I'd say that calling scope, destructors etc. on Error being thrown is the most _useful_ thing in all cases. If you realy-realy afraid of memory corruption killing sensitive data, taking control of OS and so on -  you just catch Errors early on inside such sensitive functions. And call C's abort(). And that's it.

Let's make common and hard case default and automatic plz.

-- 
Dmitry Olshansky

On Wed, 30 May 2012 11:47:34 -0400, Jens Mueller <jens.k.mueller@gmx.de> wrote:

> Steven Schveighoffer wrote:

>> case 2:
>>
>> int main(string[] args)
>> {
>>    writeln(invert(to!double(args[1])); // clearly a catchable error
>> }
>
> This should be
> int main(string[] args)
> {
>    auto arg = to!double(args[1]);
>    enforce(arg != 0);
>    writeln(invert(arg));
> }
>
> The enforce is needed because args[1] is user input. If the programmer
> controlled the value of arg and believes arg != 0 always holds then no
> enforce would be needed.
>
> Doesn't this make sense?

Yes and no.  Yes, the ultimate result of what you wrote is the desired functionality.  But no, I don't think you have properly solved the problem.
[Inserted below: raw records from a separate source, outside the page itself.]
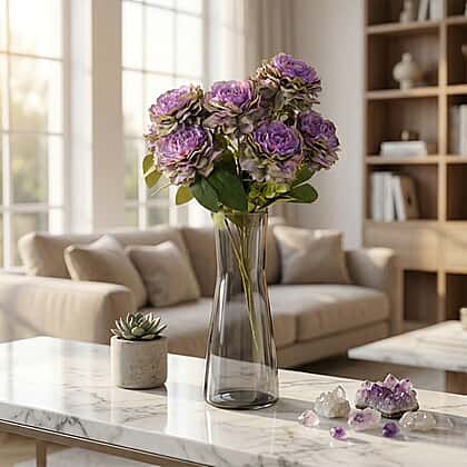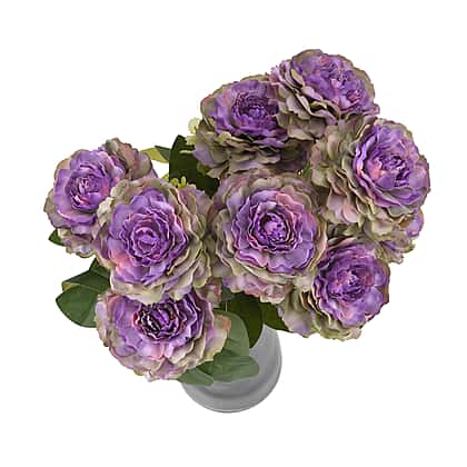 9-Heads Artificial Flower Bush (43cm) - Purple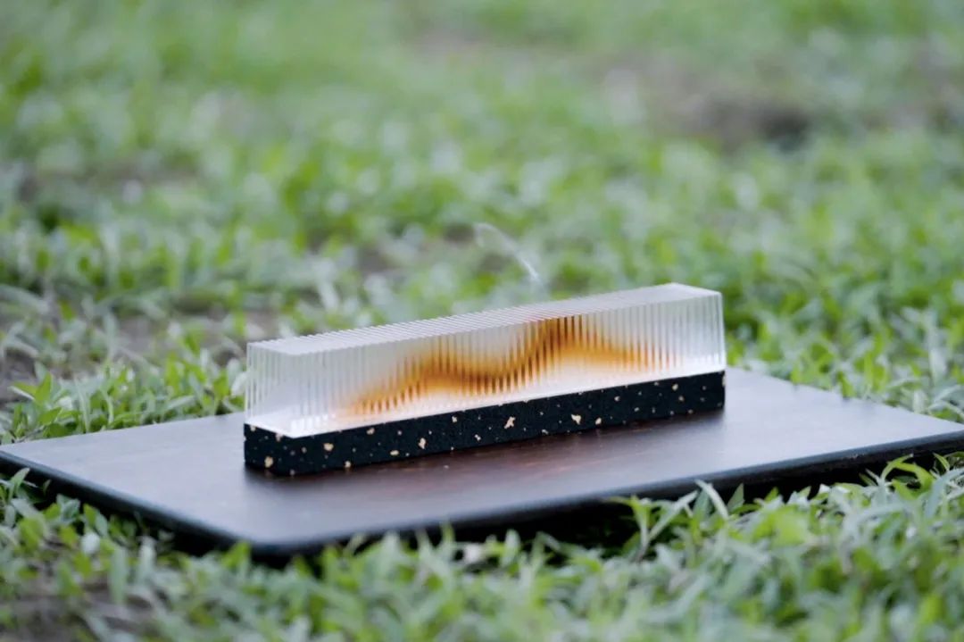 漆器质感通常是反光的,在设计一款香插底座时,邱凡芝用了莳绘中的砂糖干漆,把白砂糖加热,不停翻炒,最后变成炭,碾碎成粉之后涂抹,它原本都是隐藏在漆下面,但邱凡芝想到,其实它能够让器物呈现出极端哑光的效果,和大家想象中的漆器很不一样。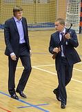 Баскетболист Андрей Кириленко (слева) и генеральный директор клуба ЦСКА Андрей Ватутин (справа) на презентации нового состава баскетбольной команды ЦСКА. Презентация прошла на главной арене УСК ЦСКА.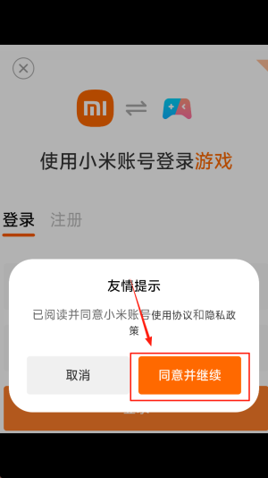 4、登录小米账号:选择“使用小米账号登录游戏”,勾选协议后点击“同意并继续”,成功登录即可开始游戏。
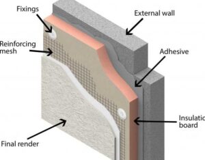 One of the most important uses of fibreglass mesh is within external wall insulation systems and external wall insulation solutions used in modern energy efficient buildings. In these applications the mesh is embedded into base coat renders to provide structural reinforcement and to prevent cracking across the insulated façade.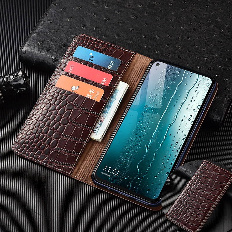 Чехол из натуральной кожи с крокодиловой жилой для OPPO Realme 7 8 ...

Consider that user data, or environment data, can come from anywhere, and at any time.  Consider also that you have decoupled the function parameter validation from the function itself!  Ideally, invert should be the one deciding whether the original data is valid or not.  In order to write correct code, I must "know" what the contents of invert are as the writer of main.  I'd rather do something like:

int main(string[] args)
{
   auto argToInvert = to!double(args[1]);
   validateInvertArgs(argToInvert); // uses enforce
   invert(argToInvert);
}

Note that even *this* isn't ideal, because now the author of invert has to write and maintain a separate function for validating its arguments, even though invert is *already* validating its arguments.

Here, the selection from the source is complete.